What the Muscular Dystrophy Association Is All About
By looking at the Community Involvement page on our main website and by just taking a quick look at the sidebar on this blog, you can see that we are advocates of the Muscular Dystrophy Association. We, from time to time, like to share what we’re doing with the Eastern North Carolina MDA. Just click on the MDA logo to the left to see all that we have done in the time this blog has been on the Internet.

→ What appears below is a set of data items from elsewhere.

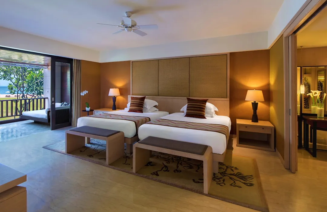 Luxurious accommodations at Conrad Bali include spacious suites and villas, some featuring private pools and direct access to the lagoon pool. Most rooms provide views of the ocean or lush gardens, designed with modern Balinese decor.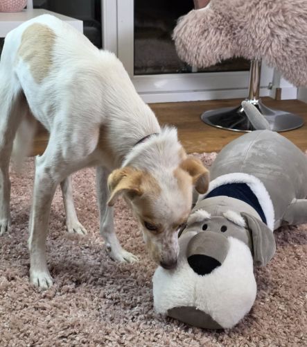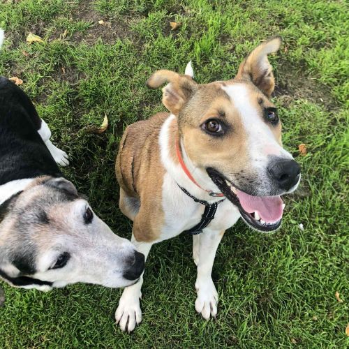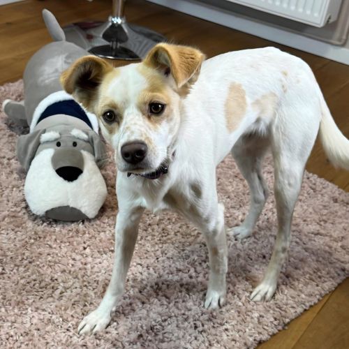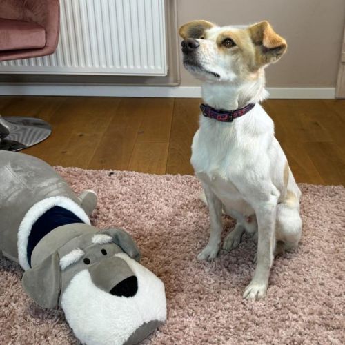 Wir wünschen uns für die lebensfrohe, abenteuerlustige, verspielte Viata ein tolles Zuhause bei Menschen mit Humor, denen eine kleine, gescheckte Clownin gerade noch zum großen Hundeglück gefehlt hat. Via kann natürlich auch gerne ein Zweithund bei einem passenden Spielkameraden werden, zu ihrem Verhältnis zu Katzen ist nichts bekannt.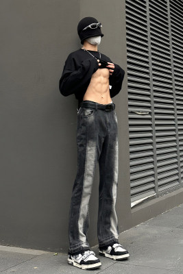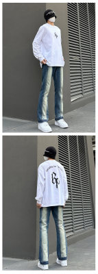 American ins high street dark niche raw edge slim fit jeans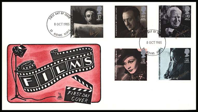 British Film Year set of five on an unaddressed Mercury FDC cancelled with two strikes of a ST. ALBANS - HERTS FDI cancel dated 8 OCT 1985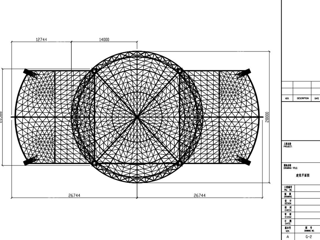 This project is located at Quanshuiwan Resort, Beichen District, Tianjin, China. It is a large-scale tensile membrane stage canopy completed in June 2020, with a total construction period of approximately 28 days. The total covered area is about 1,620 m², with overall dimensions of 54 m × 28 m. The core stage features a circular dome structure with a diameter of 28 m and a maximum height of approximately 19.5 m.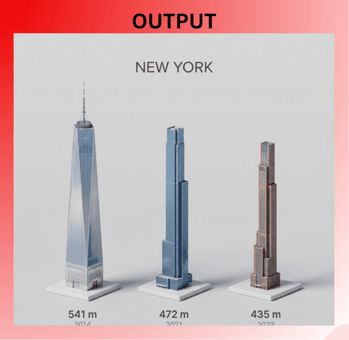 Present a clear, side miniature 3D cartoon view of [YOUR CITY] tallest buildings. Use minimal textures with realistic materials and soft, lifelike lighting and shadows. Use a clean, minimalistic composition showing exactly the three tallest buildings in Sopot, arranged from LEFT to RIGHT in STRICT descending height order. The tallest must appear visibly tallest, the second must be clearly shorter than the first, and the third must be clearly shorter than the second. All buildings must follow accurate relative proportions: if a building is taller in real life, it MUST be taller in the image by the same approximate ratio. No building may be visually stretched or compressed. Each building should stand separately on a thin, simple ceramic base. Below each base, centered text should display: Height in meters — semibold sans-serif, medium size Year built — lighter-weight sans-serif, smaller size, directly beneath the height text Provide consistent padding, spacing, leading, and kerning. Write "YOUR CITY NAME" centered above the buildings, using a medium-sized sans-serif font. No building top should overlap or touch the text above.Use accurate architectural proportions based on real-world references.Maintain consistent camera angle and identical scale for each building model. No forced perspective. Use straight-on orthographic-style rendering. Do not exaggerate or stylize size differences beyond proportional accuracy. Use a square 1080×1080 composition.Use a clean, neutral background. Ensure no extra objects are present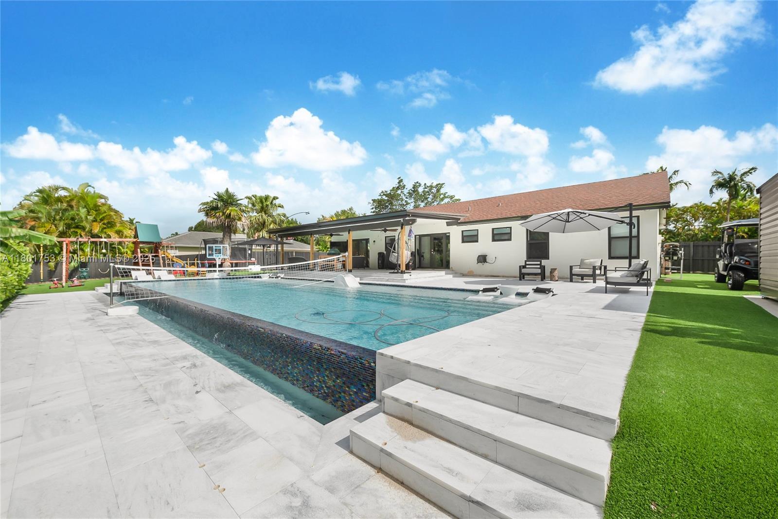 Experience Florida living in this 3/2 home with vaulted ceilings, a luxurious infinity pool, and your own private basketball court, with the option to rent a golf cart for added convenience. The home is enhanced with alkaline water, impact-rated French doors, and windows that bathe the interiors in natural light. Enjoy the benefits of low electrical bills thanks to solar panels. Additional features include an automatic mosquito misting system, landscape lighting, and a versatile AC-equipped garage that can serve as an office or extra room. The charming eat-in kitchen with a breakfast nook connects to the family room, while the spacious gated side yard is ideal for parking your boat or RV. For ultimate Florida lifestyle, this home offers all the amenities you desire.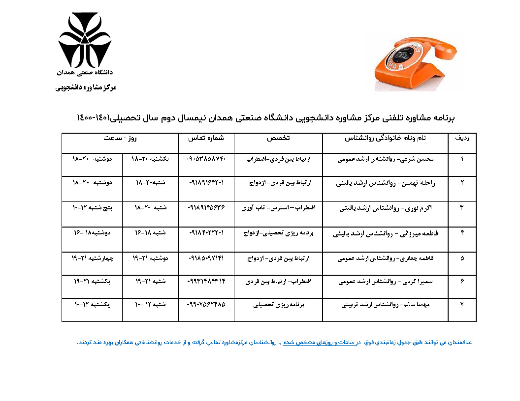 برنامه مشاوره تلفنی مرکز مشاوره دانشجویی دانشگاه صنعتی همدان نیمسال دوم سال تحصیلی1401-1400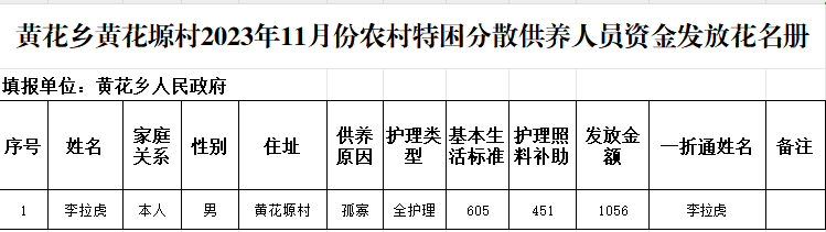 黄花乡黄花塬村2023年11月份农村特困分散供养人员资金发放花名册 发文日期:2023-11-15 11:41 来源:崇信县黄花乡 作者:梁俊龙 编辑:梁俊龙 扫一扫在手机打开当前页 上一篇: 黄花乡凉水泉村2023年11月份农村特困分散供养人员资金发放花名册 下一篇: 黄花乡高年村2023年11月份农村特困分散供养人员资金发放花名册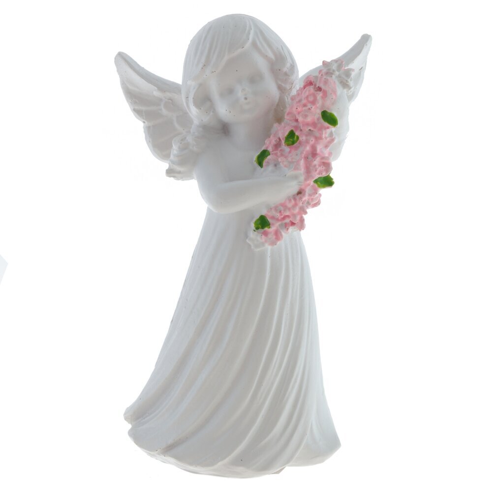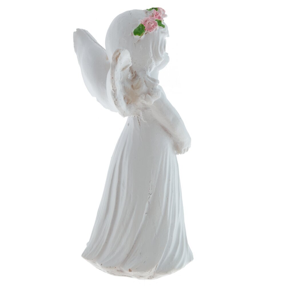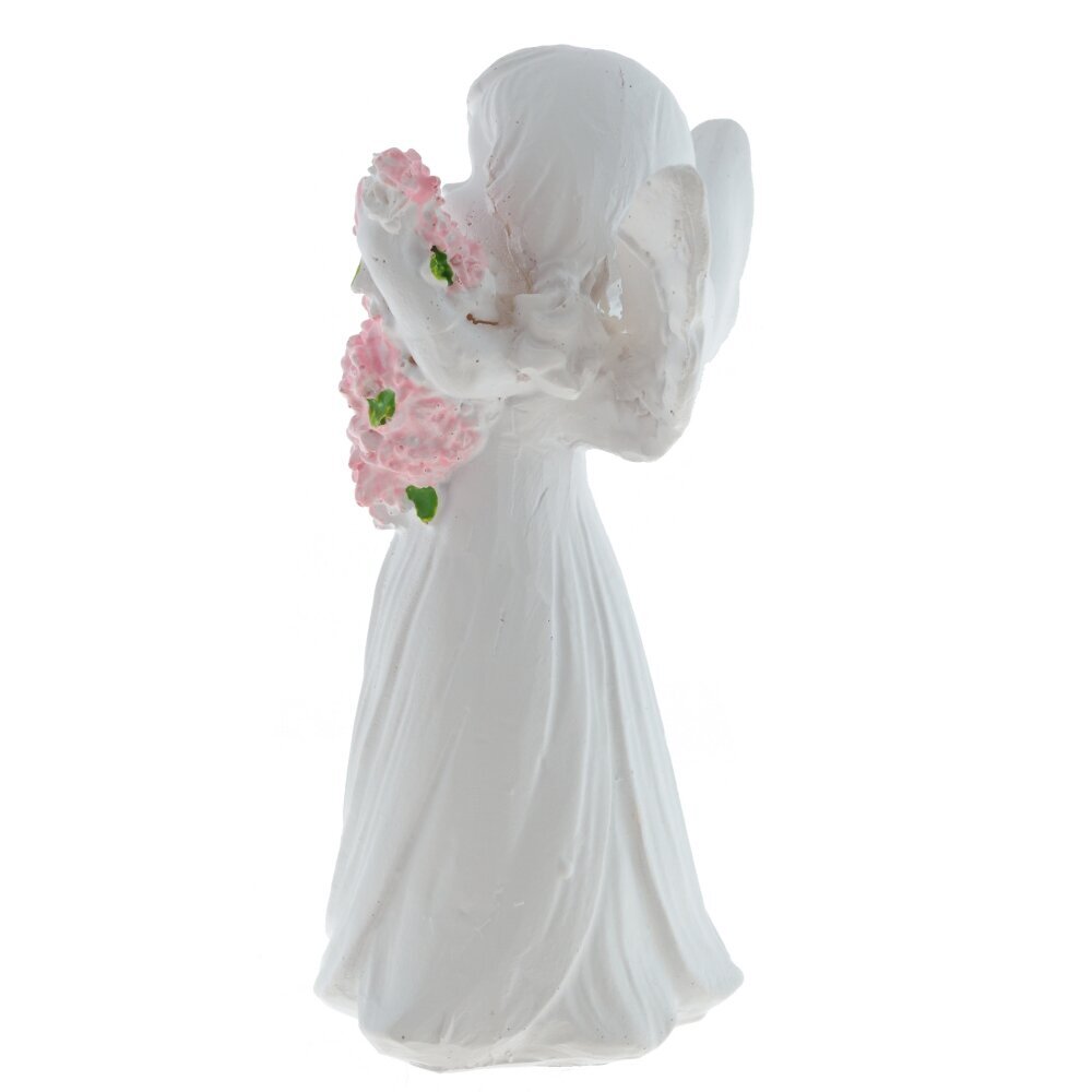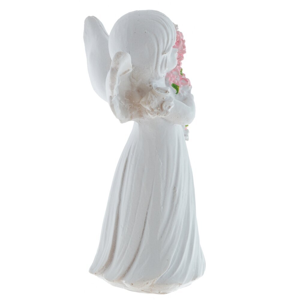 Декоративная фигурка ангела выполнена из полимерных материалов и представляет собой изящное изделие белого цвета. Ангел изображен с нежным выражением лица, с распущенными волосами и изогнутыми крыльями за спиной. В руках он держит большой букет розовых цветов с ярко-зелёными листочками, что добавляет фигуре особый шарм и мягкость. Скульптура отличается детальной проработкой складок на платье и тщательно вылепленными чертами лица, что придает ей живость и выразительность. Такая фигурка станет прекрасным украшением интерьера, подойдет для создания уютной атмосферы в доме или может стать символическим подарком близкому человеку. Благодаря использованию современных полимерных материалов фигурка долго сохраняет свой первоначальный внешний вид, устойчива к внешним воздействиям и не требует особого ухода. Представлено в двух вариантах.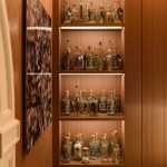 for the countertops calls to mind the bamboo grove, while the earthy color of the walls alludes to the architectural complex that houses Casacor Rio. Beautiful bottles with poetry inside, from Sandra Gasparian, can be seen on the left.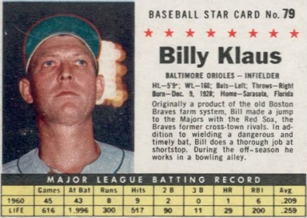 You have: 1961 Post Cereal Box Baseball Card #79 Billy Klaus (box)
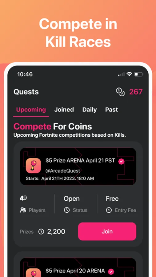 Compete against your friends and win prizes on ArcadeQuest! We built the arcade of the modern area. Win prizes for playing in Fortnite Kill Races, we call them Quests and the top 30% of players win! That's a 1:3 chance of winning a prize. We've already given out over $10,000 in prizes! Play today.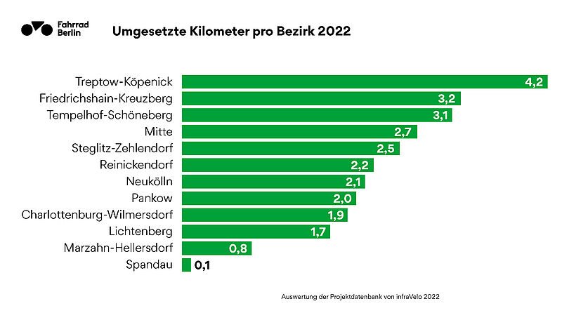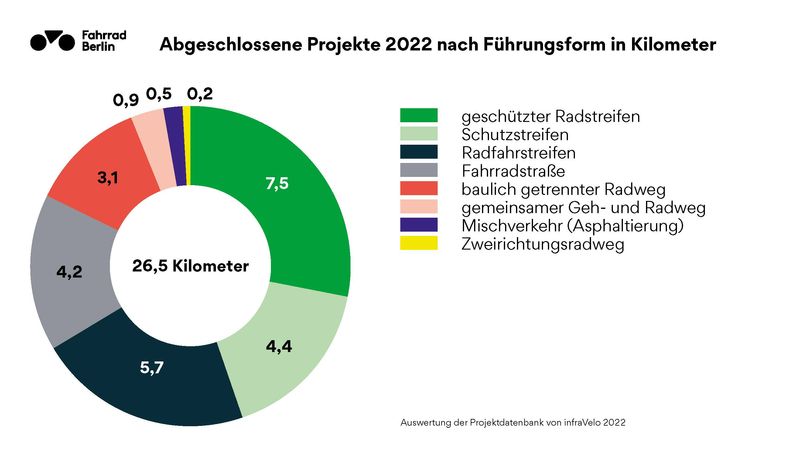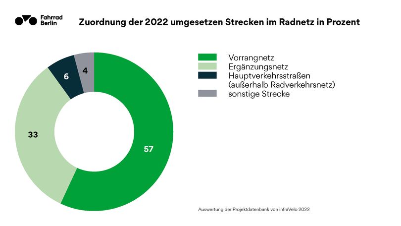 Die dargestellten Zahlen erscheinen im ersten Blick zum Teil niedriger als die Werte der Vorjahre, sind aber aufgrund einer Umstellung der verwendeten Längeneinheit nur bedingt vergleichbar. Um den Fortschritt beim Ausbau der Radinfrastruktur in Berlin vergleichbar zu kommunizieren, erfolgt seit Anfang 2023 die Kommunikation der Maßeinheit Streckenlänge. Das bedeutet, dass eine beidseitige Radverkehrsanlage an einem 1 Kilometer langen Streckenabschnitt als 1 Kilometer umgesetzte Strecke gemessen und kommuniziert wird. Bis 2022 wurden auf der infraVelo-Projektkarte die „Reallängen“ angegeben, bei der die befahrbaren Radwege in beide Richtungen einzeln gezählt wurden. Das heißt, dass die Längen der Radverkehrsanlagen von beiden Straßenseiten summiert wurden.
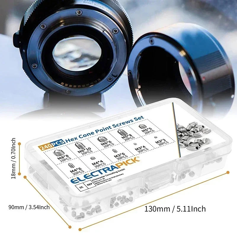 Different sizes: M3 x 3mm, M3 x 4mm, M3 x 6mm, M4 x 4mm, M4 x 6mm, M5 x 5mm, M5 x 8mm, M6 x 6mm, M6 x 10mm, M8 x 8mm, 240 pieces in total to meet different needs. It is an indispensable tool for home crafts.

With all this being said, What is the MDA all about? Well, today we’re going to spell it out for you, so you can understand and hopefully share our passion in seeing a cure found. The following text is directly from the MDA official website:
MDA is the nonprofit health agency dedicated to curing muscular dystrophy, ALS and related diseases by funding worldwide research. The Association also provides comprehensive health care and support services, advocacy and education.
MDA combats neuromuscular diseases through programs of worldwide research, comprehensive medical and support services, and far-reaching professional and public health education. With national headquarters in Tucson, MDA has more than 200 offices across the country, sponsors more than 200 hospital-affiliated clinics and supports more than 330 research projects around the world.
MDA supports more research on neuromuscular diseases than any other private-sector organization in the world. MDA scientists are in the forefront of gene therapy research and have uncovered the genetic defects responsible for several forms of muscular dystrophy, Charcot-Marie-Tooth disease, a form of amyotrophic lateral sclerosis (ALS, or Lou Gehrig’s disease), childhood spinal muscular atrophy and several other neuromuscular conditions.
The Association’s comprehensive services program includes diagnostic and follow-up medical consultations, flu shots, support groups, MDA summer camps for youngsters, a medical equipment loan program, assistance with equipment repairs and resource referral.
Through its national advocacy program, MDA works to make life better for people with muscular dystrophy and related muscle diseases by providing representation in matters of public policy and research advancement, nationally and internationally; and facilitating active involvement in these areas by the people it serves.
MDA was created in 1950 by a group of adults with muscular dystrophy, parents of children with muscular dystrophy and a physician-scientist studying the disorder. Since its earliest days, it has been energized by its number-one volunteer and national chairman, entertainer Jerry Lewis.